Exercise prompt: Go through the listing and repeat each entry exactly, but include no pictures.

Supplied material:

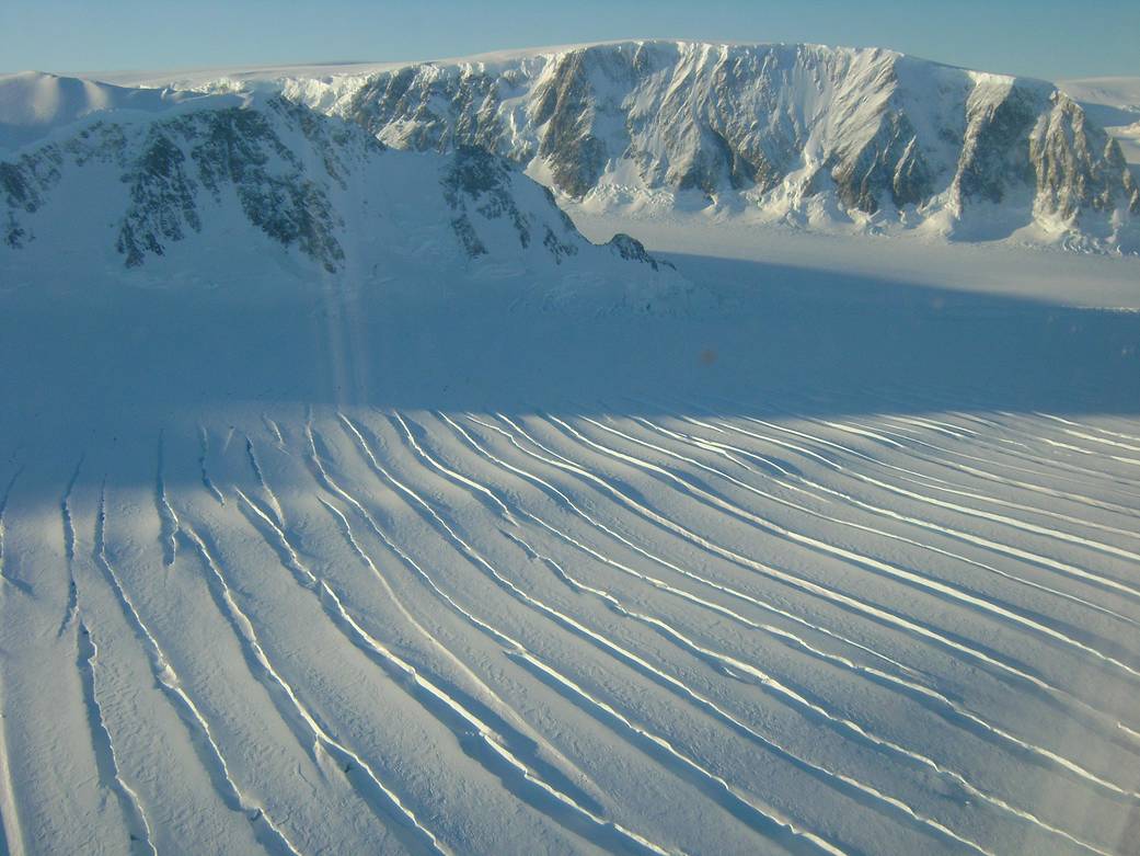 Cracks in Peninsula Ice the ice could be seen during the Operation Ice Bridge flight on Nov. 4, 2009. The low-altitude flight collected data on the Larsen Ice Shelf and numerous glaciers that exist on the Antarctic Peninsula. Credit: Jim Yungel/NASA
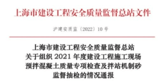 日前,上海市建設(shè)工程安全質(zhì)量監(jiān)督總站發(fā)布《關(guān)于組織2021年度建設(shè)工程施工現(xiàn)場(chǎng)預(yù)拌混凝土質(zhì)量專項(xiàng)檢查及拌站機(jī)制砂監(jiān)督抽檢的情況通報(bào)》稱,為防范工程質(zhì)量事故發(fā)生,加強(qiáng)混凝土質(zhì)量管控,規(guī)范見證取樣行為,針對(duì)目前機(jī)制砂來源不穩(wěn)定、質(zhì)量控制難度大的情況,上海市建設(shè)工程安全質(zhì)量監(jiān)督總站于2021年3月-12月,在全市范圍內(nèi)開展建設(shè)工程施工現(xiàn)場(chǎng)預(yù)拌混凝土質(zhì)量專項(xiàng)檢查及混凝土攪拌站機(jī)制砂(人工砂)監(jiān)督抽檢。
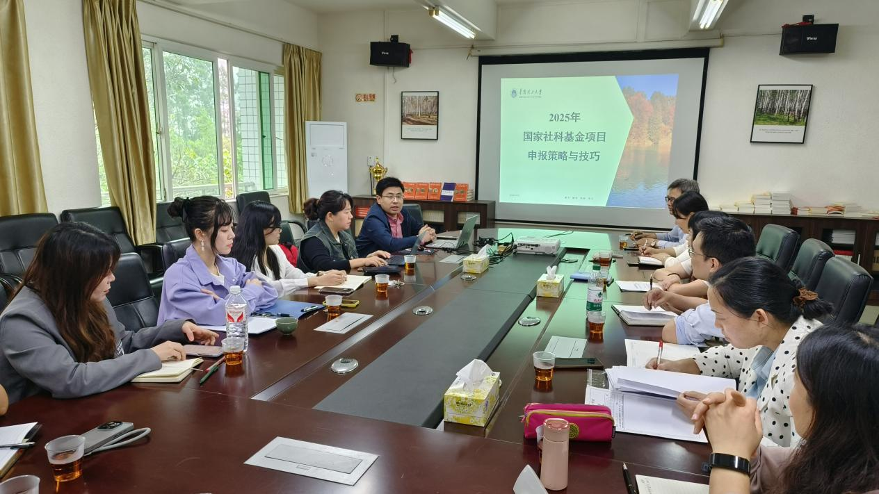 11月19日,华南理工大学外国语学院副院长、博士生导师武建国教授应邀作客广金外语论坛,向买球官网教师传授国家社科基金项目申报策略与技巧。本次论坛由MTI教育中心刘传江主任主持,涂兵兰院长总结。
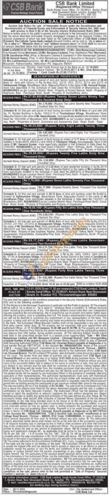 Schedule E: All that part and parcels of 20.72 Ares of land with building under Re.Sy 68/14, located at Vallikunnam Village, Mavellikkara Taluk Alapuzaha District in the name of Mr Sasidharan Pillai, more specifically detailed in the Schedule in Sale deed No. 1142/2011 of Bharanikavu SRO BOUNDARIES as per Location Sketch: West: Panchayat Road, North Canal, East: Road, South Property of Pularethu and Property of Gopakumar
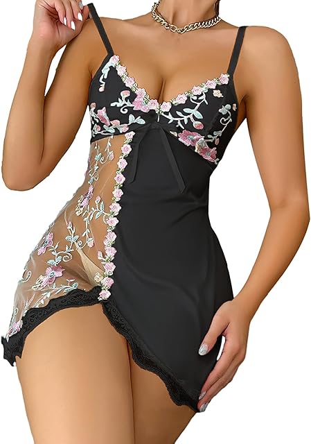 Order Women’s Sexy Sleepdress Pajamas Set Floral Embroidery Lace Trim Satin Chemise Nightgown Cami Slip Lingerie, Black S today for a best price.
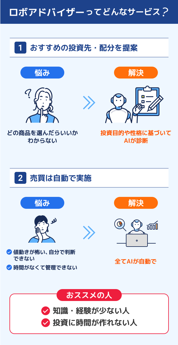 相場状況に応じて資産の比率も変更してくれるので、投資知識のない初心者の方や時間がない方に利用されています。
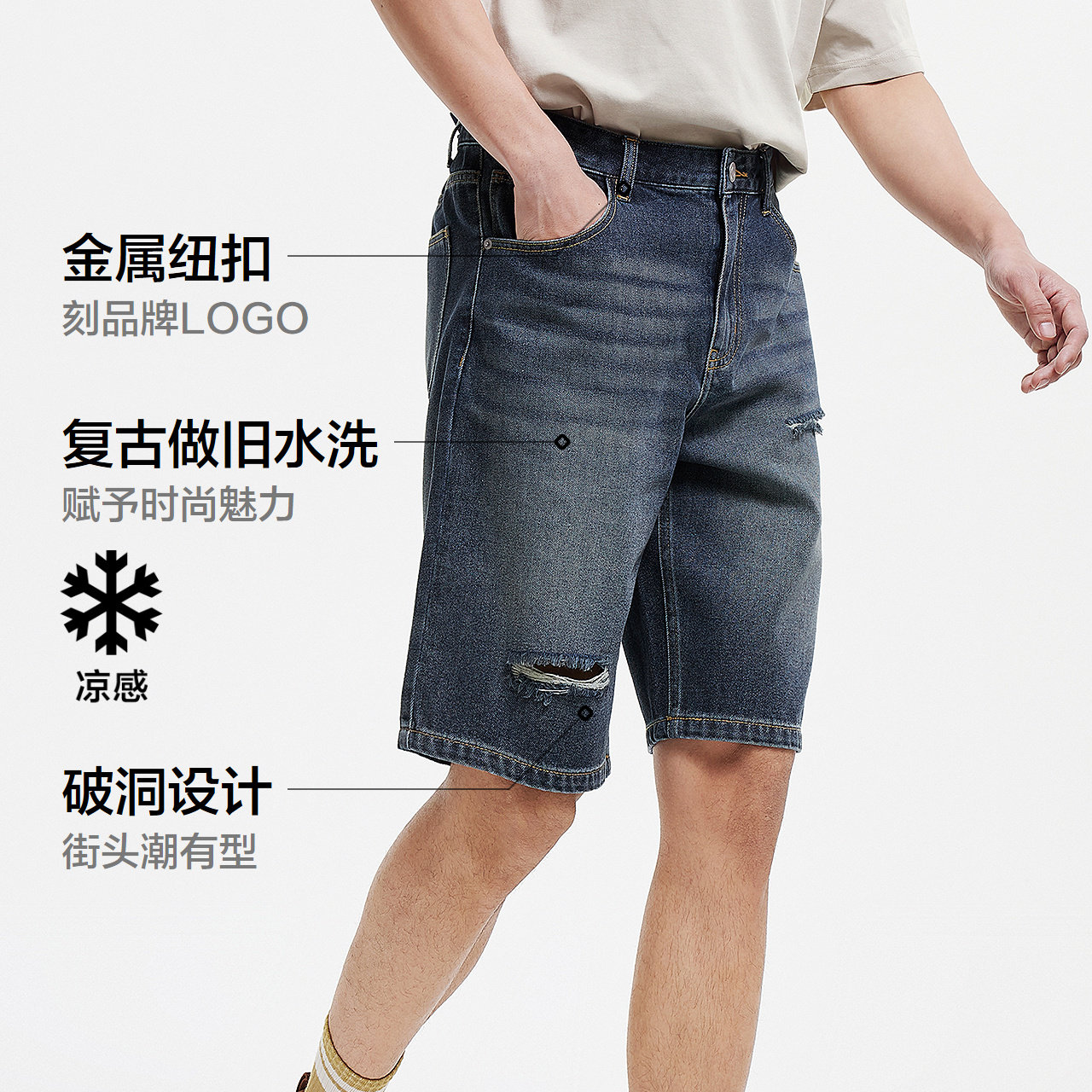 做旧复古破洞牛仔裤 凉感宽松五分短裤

Result:
 Cracks in Peninsula Ice the ice could be seen during the Operation Ice Bridge flight on Nov. 4, 2009. The low-altitude flight collected data on the Larsen Ice Shelf and numerous glaciers that exist on the Antarctic Peninsula. Credit: Jim Yungel/NASA
 日前,上海市建設(shè)工程安全質(zhì)量監(jiān)督總站發(fā)布《關(guān)于組織2021年度建設(shè)工程施工現(xiàn)場(chǎng)預(yù)拌混凝土質(zhì)量專項(xiàng)檢查及拌站機(jī)制砂監(jiān)督抽檢的情況通報(bào)》稱,為防范工程質(zhì)量事故發(fā)生,加強(qiáng)混凝土質(zhì)量管控,規(guī)范見證取樣行為,針對(duì)目前機(jī)制砂來源不穩(wěn)定、質(zhì)量控制難度大的情況,上海市建設(shè)工程安全質(zhì)量監(jiān)督總站于2021年3月-12月,在全市范圍內(nèi)開展建設(shè)工程施工現(xiàn)場(chǎng)預(yù)拌混凝土質(zhì)量專項(xiàng)檢查及混凝土攪拌站機(jī)制砂(人工砂)監(jiān)督抽檢。
 11月19日,华南理工大学外国语学院副院长、博士生导师武建国教授应邀作客广金外语论坛,向买球官网教师传授国家社科基金项目申报策略与技巧。本次论坛由MTI教育中心刘传江主任主持,涂兵兰院长总结。
 Schedule E: All that part and parcels of 20.72 Ares of land with building under Re.Sy 68/14, located at Vallikunnam Village, Mavellikkara Taluk Alapuzaha District in the name of Mr Sasidharan Pillai, more specifically detailed in the Schedule in Sale deed No. 1142/2011 of Bharanikavu SRO BOUNDARIES as per Location Sketch: West: Panchayat Road, North Canal, East: Road, South Property of Pularethu and Property of Gopakumar
 Order Women’s Sexy Sleepdress Pajamas Set Floral Embroidery Lace Trim Satin Chemise Nightgown Cami Slip Lingerie, Black S today for a best price.
 相場状況に応じて資産の比率も変更してくれるので、投資知識のない初心者の方や時間がない方に利用されています。
 做旧复古破洞牛仔裤 凉感宽松五分短裤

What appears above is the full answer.